One expert mentioned how there was no such registry for systematic reviews at the time when the guideline was published, so that the some of the developers went on to establish the PROSPERO registry (see also Page et al., 2018). He further noted that: “[...] PRISMA said you should give the registration number review, which then made people think, well, therefore we should register our review prospectively” (Participant A).

Second, the guideline requires authors to “Describe the methods of handling data and combining results of studies, if done, including measures of consistency (such as I² statistic) for each meta-analysis” (Moher et al., 2009, Item No. 14). The way of how the rule is formulated not only that there are specific methods for combining data, but also very particular concepts such as the measure of consistency. Respectively, one interviewee explained that “[...] if somebody is doing a meta-analysis [...] they say, ’oh, I've got to assess heterogeneity because that's going to be required in my report” (Participant C).
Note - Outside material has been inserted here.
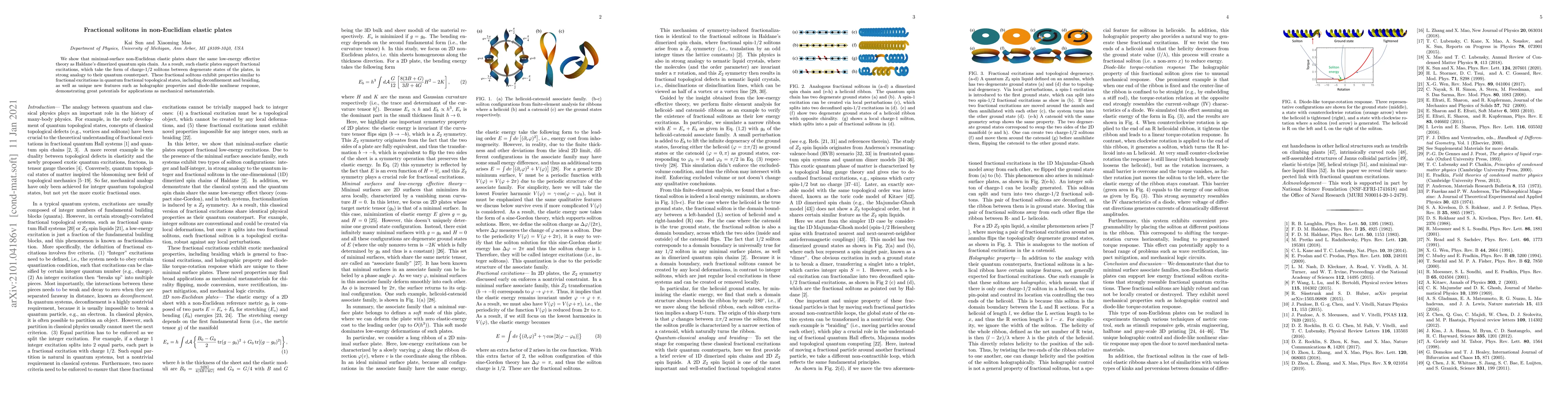 We show that minimal-surface non-Euclidean elastic plates share the same low-energy effective theory as Haldane's dimerized quantum spin chain. As a result, such elastic plates support fractional excitations, which take the form of charge-$1/2$ solitons between degenerate states of the plates, in strong analogy to their quantum counterpart. These fractional solitons exhibit properties similar to fractional excitations in quantum fractional topological states, including deconfinement and braiding, as well as unique new features such as holographic properties and diode-like nonlinear response, demonstrating great potentials for applications as mechanical metamaterials.

Third, PRISMA demands authors to “specify any assessment of risk of bias that may affect the cumulative evidence (such as publication bias, selective reporting within studies)” and “present data on risk of bias of each study and, if available, any outcome-level assessment (see item 12)” (Moher et al., 2009, Item No. 15 and 19). In such assessments, researchers have to estimate the potential biases involved in the primary studies that will be included or excluded from the review, in order to make a judgement about the reliability of the outcome. This well-established practice often itself involves standardized assessment scales and tools (e.g., Whiting et al., 2016). However, one interview participant mentioned that

“There could be some elements that people might start interpreting, so you should describe what risk of bias or quality assessment tool you used, makes me think I should therefore be using one” (Participant A)
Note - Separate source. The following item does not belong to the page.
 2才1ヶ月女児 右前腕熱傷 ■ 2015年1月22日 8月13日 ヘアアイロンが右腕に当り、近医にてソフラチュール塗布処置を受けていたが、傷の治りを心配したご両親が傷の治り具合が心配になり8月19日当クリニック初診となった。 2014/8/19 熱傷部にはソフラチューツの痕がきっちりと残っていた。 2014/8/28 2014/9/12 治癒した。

By setting up specific rules for reporting, the guidelines define what has to be transparently reported and thereby point toward certain expectations of how systematic reviews are properly conducted. Similar relations can be found elsewhere. For example, the requirement to report “conflicts of interests,” which became a usual characteristic of clinical research, does not explicitly devalue industry funded science, but stems from the discovery that such research is more likely to be biased (Als-Nielsen et al., 2003; Jørgensen et al., 2006; Michaels, 2008). Instead of generally prohibiting industry-funded research, it is assinged a “red-flag” that calls for a careful and accurate contextualization of results.

All in all, although the distinction between conduct and reporting is required to make transparency a meaningful quality goal that can be achieved by the regulatory capacities of academic journals, the actual rules and items of the guideline blur this distinction. In providing a list of study characteristics which have to be transparently reported, such guidelines inherently provide prominence to those characteristics. Put differently, in defining what has to be transparently reported, PRISMA promotes certain practices and decisions that lie beyond the writing of the report.
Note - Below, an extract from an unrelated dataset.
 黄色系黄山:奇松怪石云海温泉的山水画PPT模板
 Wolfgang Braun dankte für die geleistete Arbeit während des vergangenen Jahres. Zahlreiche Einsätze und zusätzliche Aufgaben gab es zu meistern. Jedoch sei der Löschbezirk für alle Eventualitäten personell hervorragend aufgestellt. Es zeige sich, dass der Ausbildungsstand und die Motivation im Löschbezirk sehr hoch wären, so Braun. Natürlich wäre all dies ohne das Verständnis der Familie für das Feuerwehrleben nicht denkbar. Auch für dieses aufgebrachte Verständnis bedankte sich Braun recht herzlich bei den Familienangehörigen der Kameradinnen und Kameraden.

The violation of the distinction between conduct and reporting contradicts the concept of transparency, yet at the same time, also circumvents one of its major weaknesses. Discussing a more abstract interpretation of transparency, advocates hope that transparency as a quality goal helps to solve several issues of modern science, sometimes called “the new worries of science” (Kourany, 2020). With such worries, philosophers especially mean the meddling with science by something that is undeniably non-scientific. In more concrete terms, this refers to the growing influence of partisan politics or private industry on epistemic practices. Against the background assumption of a value-free ideal of science, governments are accused of avoiding inconvenient truths such as the climate crisis by defunding whole disciplines (Hoag, 2012), or pharmaceutical companies by burying study results that endanger their financial prospects (Michaels, 2008; Macleod et al., 2014). Notably, also the current mode of science policy is criticized for promoting inappropriate goals for science and incentivizing bad behaviors, so that experts demand a more responsible and meaningful research evaluation (Langfeldt et al., 2019).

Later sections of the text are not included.